Cole’s reasonable tone tethered her. “Listen, Nora. You have to stay away. The cops—“
“I don’t care about the cops.”
“Okay, how about: Someone tried to kill you. It might be Big Elk, might be someone else. Whoever it is, they aren’t going to give up. The rez is the safest place for you right now.”
“The same rez where they tried to shove me off the cliff?”
“Nora, trust me. I wouldn’t put you in danger.”
“I can’t hide out there when my mother’s in the hospital.”
“Just until tomorrow. I’m close to figuring this out.”
“I won’t stay there.”
“Heather can make sure you do.”
“Right. She can’t tie a knot to save her skin.”
Exasperation crept into his voice. “Don’t force it, Nora. Heather knows enough people at the rez that keeping you won’t be a problem. And if you’d like another knock to the head, my guess is that it can be arranged.”
“Kidnapping.”
“If that’s what it takes to keep you safe.”

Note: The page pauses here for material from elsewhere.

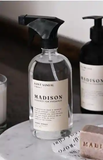 · Uso: Ambiental y textil · Tamaño: 500 ml Spray ambiental de intenso aroma y excelente fijación para ambientes, linos y telas. Puedes utilizarlo en cualquier rincón de tu casa, en la ropa de cama, cortinas y sillones. ¡Verás que rico queda en textiles! Precaución: · Mantener fuera del alcance de niños. · Líquido compuesto de fragancia y alcohol. Evite dejarlo caer sobre muebles o superficies, ya que puede dañarlas. SAINT SANDAL Terra Fragancia en base a Sándalo. Aroma sensual. Llega a lo más profundo del sentimiento con ese toque exótico de la madera.

“Did you try to kill my mother?”
“Damn it! Quit being stupid.”
She breathed fire into the phone, imagining it branding the side of his face.
“Nora?”
“What?”
“I…we care about you. I’ll take care of Abigail and Charlie.”
She didn’t answer.
“See you tomorrow.” He hung u
p.
Nora slumped in the back of the Toyota. She spent the remaining hour and half ride churning. They drove to a different mesa than where they’d gone to the ceremony that morning and turned onto a dusty road. Heather pulled in behind a dilapidated shed and cut the engine.
“We’ll hide the car here and walk the rest of the way. There’s a village at the top of this mesa. We’ll stay there tonight.”

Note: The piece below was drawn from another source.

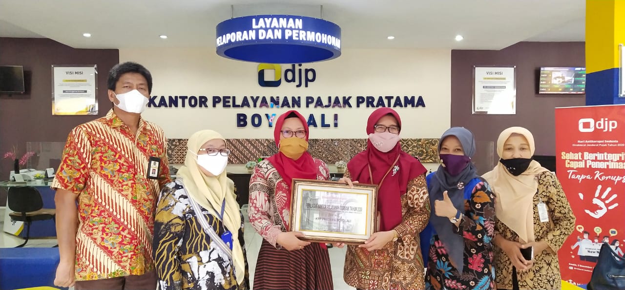 Kantor Pelayanan Pajak Pratama Boyolali menerima penganugerahan Kantor Pelayanan Terbaik se-Kantor Wilayah DJP Jawa Tengah II yang diselenggarakan melalui aplikasi Zoom dari Surakarta (Senin, 7/12).

Nora folded her arms. “I’m not moving from this car. Take me back.”
Heather pulled the keys from the ignition and shrugged. “Whatever.” She climbed from the car, slung her leather slouch bag over her shoulder, and slammed the door.
Nora wasn’t going anywhere without the keys. Maybe she could steal them. That being her only plan, she needed to stay with the keys and wait for an opportunity when Heather was distracted. Nora climbed from the vehicle and they tromped up the trail in silence.
The sun hovered over the western horizon, casting ominous shadows filled with Big Elk and hostile enemies that wanted Nora dead. She didn’t see anyone lying in wait for her, but that didn’t mean they weren’t there.
She followed Heather up a worn yellow dirt trail, switchbacking along the side of the nearly vertical wall. A paved narrow road wound its way up the mesa some distance from the trail. Too bad Heather hadn’t felt it safe enough to drive up; it might have saved Nora from marching in rhythm to the pounding pain in her head, the ache in her back, and the dull throb of her ankle. She named the peak-sized lump on the back of her head Mount Heather.
Once the trail intersected the road, where at some time in the last two centuries some hopeful Native American had built a structure, long since abandoned. “Why didn’t you park behind this place? Your car would have been hidden and we wouldn’t have to walk so far.”
Heather grinned. “I could have. If I’d remembered it was here. Sorry about that.”
“You’re sorry. Right.”
They topped the mesa not far from a tall structure with a flat roof similar to those in the village they’d been in earlier. They walked around the edge of the building to the plaza. Buildings, like aboriginal pueblos constructed of desert sand, created the enclosure.